Why Won't The Fear Of Airborne Ebola Go Away?
How many times do top officials have to say that the Ebola virus is not airborne?
A lot, apparently.
Here is President Obama Thursday: "This is not an airborne disease. It is not easy to catch."
And the day before: "It is not like the flu. It is not airborne."
And today, a reporter asked the inevitable question about airborne Ebola when Anthony Fauci, director of the National Institute of Allergy and Infectious Diseases, held a press briefing about nurse Nina Pham's transfer to the National Institute of Health.
"There is no evidence whatsoever that this virus is airborne-transmitted," said Fauci emphatically. "Everything we know about this virus is that it is direct contact with bodily fluids."
This gets said over and over. It's backed up by epidemiological studies of past outbreaks. Yet the possibility of Ebola spreading through the air keeps being raised.
At a hearing yesterday, for example, lawmakers grilled Dr. Thomas Frieden, the director of the Centers for Disease Control and Prevention.
"You've already said a couple of times that you don't believe that this is airborne," said Republican Congresswoman Renee Ellmers from North Carolina. And yet, she noted, the two nurses still got sick. "They followed precautions, I am sure, and now we are having this conversation and I'm very concerned about that."
Frieden responded that the investigation is ongoing but the nurses treated the Ebola patient when his vomit and diarrhea contained a lot of virus: "We are confident this is not airborne transmission."
When government officials keep saying this isn't airborne, it seems like what they're really trying to tell the public is, "Don't worry about catching this virus in the course of your normal daily activities."
"I think that what they are trying to convey with the idea that 'it's not airborne' is that you likely need to be relatively close to the person where there are some bodily fluids present," says Rachael Jones, who studies infectious disease transmission at the University of Illinois at Chicago.

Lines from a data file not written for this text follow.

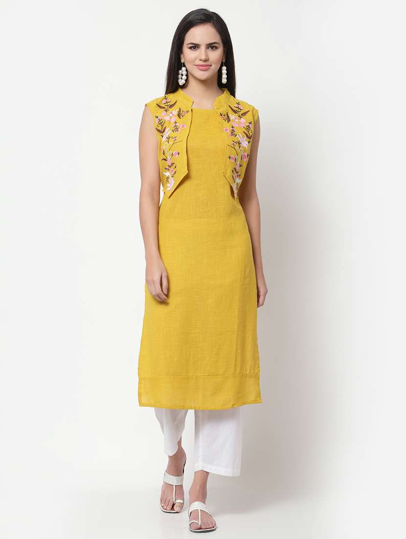 - » yellow solid straight kurta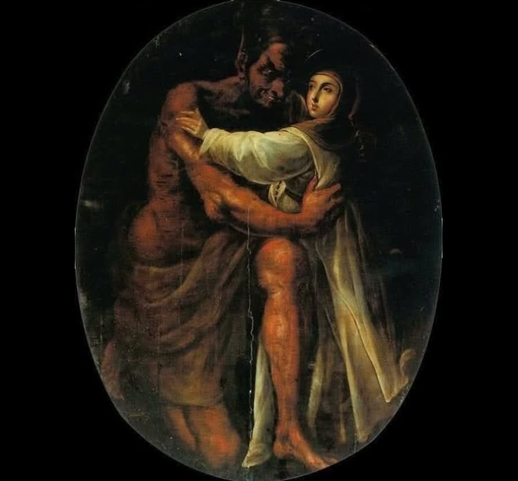 天使们爱戴并敬重圣罗撒·利马(Rose of Lima’s),而魔鬼们却对她恨之入骨,想尽一切办法让她感受到他们的仇恨和愤怒。魔鬼曾化作巨人闯入她的牢房。它试图撕咬她,却因天主的大能而未能将她撕成碎片。它抓住她,在地上疯狂地拖拽,直到这位贞洁的少女用先知的话语恳求她神圣的配偶保护她:“主啊,不要让那些仰望你的人遭受这些地狱恶魔的暴虐。” 敌人随即逃走。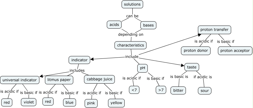 This Concept Map, created with IHMC CmapTools, has information related to: acids and bases, acids depending on characteristics, solutions can be bases, litmus paper is acidic if red, pH is acidic if ɟ, indicator includes litmus paper, indicator includes cabbage juice, indicator includes universal indicator, cabbage juice is basic if yellow, pH is basic if ɳ, universal indicator is acidic if red, characteristics include taste, litmus paper is basic if blue, characteristics include proton transfer, taste if acidic is sour, proton transfer is basic if proton acceptor, taste is basic is bitter, bases depending on characteristics, characteristics include indicator, cabbage juice is acidic if pink, universal indicator is basic if violet

She says if someone down the hall from you had Ebola and threw up vomit that contains the virus, "those particles are not going to travel hundreds of feet or hundreds of meters to cause an infection."

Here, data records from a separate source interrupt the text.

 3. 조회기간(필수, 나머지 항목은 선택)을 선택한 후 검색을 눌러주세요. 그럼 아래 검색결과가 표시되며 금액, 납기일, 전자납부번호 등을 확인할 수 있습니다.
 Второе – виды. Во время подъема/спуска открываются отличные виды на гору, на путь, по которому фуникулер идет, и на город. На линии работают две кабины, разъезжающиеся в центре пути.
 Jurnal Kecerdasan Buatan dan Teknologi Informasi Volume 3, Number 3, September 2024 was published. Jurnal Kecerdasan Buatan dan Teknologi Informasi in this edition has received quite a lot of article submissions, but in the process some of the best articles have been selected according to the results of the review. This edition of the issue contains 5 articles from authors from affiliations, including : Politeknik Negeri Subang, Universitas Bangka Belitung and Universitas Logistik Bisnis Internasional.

But if a healthcare worker or a family member gets very close to someone who has a lot of symptoms, which is when people with Ebola are most contagious, Jones says droplets of body fluid could potentially travel through the air for short distances.
"If you vomit there are projectile droplets that could spray up," she notes.

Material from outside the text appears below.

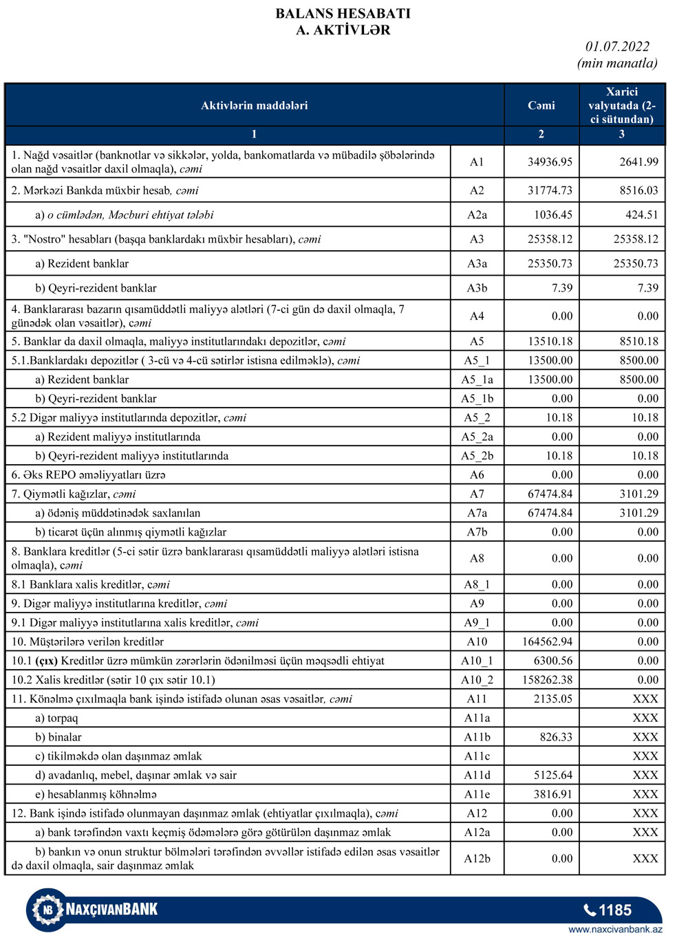 30 İyun 2022-ci il tarixində "Naxçıvanbank" 343 milyon 677 min manat cəmi aktivlərə, o cümlədən 164 milyon 563 min manat kredit portfelinə (müştərilərə verilmiş kreditlər) malik olub. Bank ötən ilin soununda 343 milyon 757 min manat cəmi aktivlərə, o cümlədən 140 milyon 901 min manat kredit portfelinə malik idi. Beləliklə, ötən ilin sonu ilə müqayisədə "Naxçıvanbank"ın kredit portfeli 23 milyon 662 min manat və ya 16,8% artıb.

And she says there's reason to be concerned that an Ebola patient might produce even smaller droplets that someone in close quarters could inhale and get sick from — during medical procedures like putting in a breathing tube.
"A lot of these medical processes that health care workers perform produce small aerosols," says Jones. This is why she and a colleague recently wrote a commentary saying this needs to considered when protecting healthcare workers.
So even though Jones takes issue with the White House's flat statement that the Ebola virus cannot spread through air, she says this is really not a concern for the public.
"There is not epidemiological evidence that community-based exposure, such as being at a shopping mall or walking down the street or riding a bus, is associated with disease transmission," she notes.
Still, what if the Ebola virus mutates? That's another fear that keeps surfacing. The Chairman of the Joint Chiefs of Staff, General Martin Dempsey, spoke about that on CNN this week.
"I'm worried about it because we know so little about it," he said. "You'll hear different people describe whether it could become airborne." He said that scientists did not agree. "I don't know who's right. I don't want to take that chance. So I'm taking it very seriously."
It's true that researchers can't absolutely rule out the idea that mutations might change how the virus spreads, but this seems unlikely, says Alan Schmaljohn, a virologist the University of Maryland School of Medicine. He said the chance of that is "very low, probably in the range of winning the multistate lottery."
On Capitol Hill, the CDC's director said his team has been on the lookout for any significant genetic mutations. "What we've seen is very little change in the virus," Frieden told lawmakers. "We don't think it is spreading by any different way."
Chances are that's not the last time he'll have to say that.